Valley fever will go away on its own most of the time. It may take a few months before all of your symptoms go away. You may need more than one of the following medicines:

  • Cough medicine: This may soothe your throat and decrease your urge to cough. It may help you sleep if coughing keeps you awake.
  • NSAIDs , such as ibuprofen, help decrease swelling, pain, and fever. This medicine is available with or without a doctor's order. NSAIDs can cause stomach bleeding or kidney problems in certain people. If you take blood thinner medicine, always ask if NSAIDs are safe for you. Always read the medicine label and follow directions. Do not give these medicines to children under 6 months of age without direction from your child's healthcare provider.
  • Antifungal medicine: You may need this medicine to kill the fungus if you are severely ill or have a weak immune system.

What are the risks of valley fever?

You may cough up blood. Pus or other fluid could collect around your lungs. You could develop a mass on your lungs. Scar tissue could form on your lungs. You can develop a long-term lung infection. The infection could spread to your joints, bones, or lymph nodes. Your lungs could fail to pump enough oxygen into your blood. You could develop meningitis. Lung failure and meningitis are rare from valley fever but can be life-threatening. Your symptoms may come back, sometimes even years after you had the infection.

How can I manage my symptoms?

  • Get plenty of rest: Rest often while you recover. Slowly start to do more each day.
  • Use a humidifier: Use a cool-mist humidifier to increase air moisture in your home. This may make it easier for you to breathe, and help decrease your cough.

When should I contact my caregiver?

Contact your caregiver if:

  • Your symptoms do not improve within 2 months.
  • You have night sweats for longer than 3 weeks.
  • Your lymph nodes are swollen.
  • You have questions or concerns about your condition or care.
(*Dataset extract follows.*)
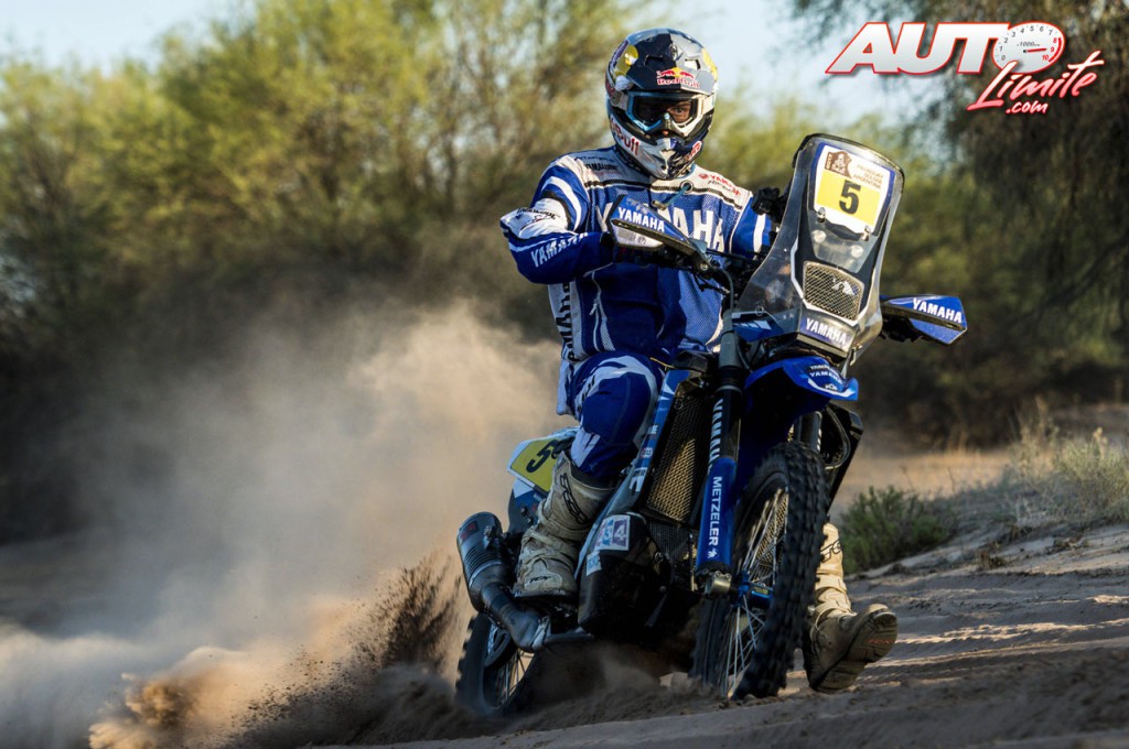 Helder Rodrigues, a los mandos de la Yamaha WR450F, durante la 11ª etapa del Rally Dakar 2017, disputada entre San Juan y Río Cuarto (Argentina).

When should I seek immediate care?

Seek care immediately or call 911 if:

  • You have severe chest pain.
  • You have trouble breathing, or your breathing seems faster and more shallow than normal.
  • Your lips or nails turn blue.
  • You are confused or very sleepy.
  • You cough up blood.
  • You have a headache, a stiff neck, and a fever.

Care Agreement

You have the right to help plan your care. Learn about your health condition and how it may be treated. Discuss treatment options with your caregivers to decide what care you want to receive. You always have the right to refuse treatment. The above information is an educational aid only. It is not intended as medical advice for individual conditions or treatments. Talk to your doctor, nurse or pharmacist before following any medical regimen to see if it is safe and effective for you.